- _YOUR INSTRUCTIONS_
Show each line of the entries below in which the word "physical" appears.

---------- SUPPLIED INFORMATION

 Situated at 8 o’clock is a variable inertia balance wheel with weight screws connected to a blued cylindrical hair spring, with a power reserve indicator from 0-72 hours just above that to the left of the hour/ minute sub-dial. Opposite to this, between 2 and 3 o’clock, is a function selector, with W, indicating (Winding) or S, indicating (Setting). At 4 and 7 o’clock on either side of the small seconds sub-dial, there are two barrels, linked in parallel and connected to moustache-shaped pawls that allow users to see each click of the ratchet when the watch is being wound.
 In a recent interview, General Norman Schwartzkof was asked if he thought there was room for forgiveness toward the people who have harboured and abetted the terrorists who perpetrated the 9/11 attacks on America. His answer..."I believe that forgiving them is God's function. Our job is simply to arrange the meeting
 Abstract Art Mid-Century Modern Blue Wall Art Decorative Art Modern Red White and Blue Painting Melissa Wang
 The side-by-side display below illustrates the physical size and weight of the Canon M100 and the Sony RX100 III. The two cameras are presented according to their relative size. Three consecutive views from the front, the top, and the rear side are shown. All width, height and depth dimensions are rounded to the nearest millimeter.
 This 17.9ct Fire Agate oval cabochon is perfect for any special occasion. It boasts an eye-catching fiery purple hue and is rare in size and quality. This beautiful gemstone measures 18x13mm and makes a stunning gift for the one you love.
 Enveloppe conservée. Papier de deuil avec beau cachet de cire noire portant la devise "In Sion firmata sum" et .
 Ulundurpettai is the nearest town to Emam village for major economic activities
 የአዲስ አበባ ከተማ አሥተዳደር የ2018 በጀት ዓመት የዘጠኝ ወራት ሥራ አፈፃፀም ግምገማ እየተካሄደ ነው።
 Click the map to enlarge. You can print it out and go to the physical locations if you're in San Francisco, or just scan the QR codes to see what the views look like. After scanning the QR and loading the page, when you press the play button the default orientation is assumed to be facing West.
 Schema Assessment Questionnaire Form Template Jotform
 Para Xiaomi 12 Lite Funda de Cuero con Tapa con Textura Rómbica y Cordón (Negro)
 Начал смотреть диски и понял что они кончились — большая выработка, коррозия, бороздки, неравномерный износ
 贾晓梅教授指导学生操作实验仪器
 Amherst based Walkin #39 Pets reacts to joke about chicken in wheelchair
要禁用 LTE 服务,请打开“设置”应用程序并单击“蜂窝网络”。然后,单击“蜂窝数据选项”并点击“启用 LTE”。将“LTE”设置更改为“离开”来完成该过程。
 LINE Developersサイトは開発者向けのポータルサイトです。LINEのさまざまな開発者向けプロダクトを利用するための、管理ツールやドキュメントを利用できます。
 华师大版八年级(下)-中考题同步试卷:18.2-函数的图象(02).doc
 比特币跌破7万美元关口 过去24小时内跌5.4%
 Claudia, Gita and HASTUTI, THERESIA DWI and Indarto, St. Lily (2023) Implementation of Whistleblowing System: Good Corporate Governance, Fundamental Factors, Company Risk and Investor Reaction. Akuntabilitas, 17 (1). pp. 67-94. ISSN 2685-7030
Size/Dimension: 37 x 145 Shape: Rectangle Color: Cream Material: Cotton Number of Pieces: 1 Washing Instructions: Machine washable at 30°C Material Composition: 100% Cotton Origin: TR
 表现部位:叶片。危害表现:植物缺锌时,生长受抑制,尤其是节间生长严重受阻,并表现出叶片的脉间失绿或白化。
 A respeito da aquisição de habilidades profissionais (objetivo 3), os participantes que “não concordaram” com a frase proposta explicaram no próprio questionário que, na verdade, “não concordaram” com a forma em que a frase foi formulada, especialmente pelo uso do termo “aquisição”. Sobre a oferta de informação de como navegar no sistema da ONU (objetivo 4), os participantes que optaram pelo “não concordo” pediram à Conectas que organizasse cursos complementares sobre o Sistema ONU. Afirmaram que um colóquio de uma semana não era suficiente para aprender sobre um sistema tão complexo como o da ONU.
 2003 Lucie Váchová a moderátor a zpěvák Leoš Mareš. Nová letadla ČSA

--------------------

- _SOLUTION TO THIS EXERCISE_
 The side-by-side display below illustrates the physical size and weight of the Canon M100 and the Sony RX100 III. The two cameras are presented according to their relative size. Three consecutive views from the front, the top, and the rear side are shown. All width, height and depth dimensions are rounded to the nearest millimeter.
 Click the map to enlarge. You can print it out and go to the physical locations if you're in San Francisco, or just scan the QR codes to see what the views look like. After scanning the QR and loading the page, when you press the play button the default orientation is assumed to be facing West.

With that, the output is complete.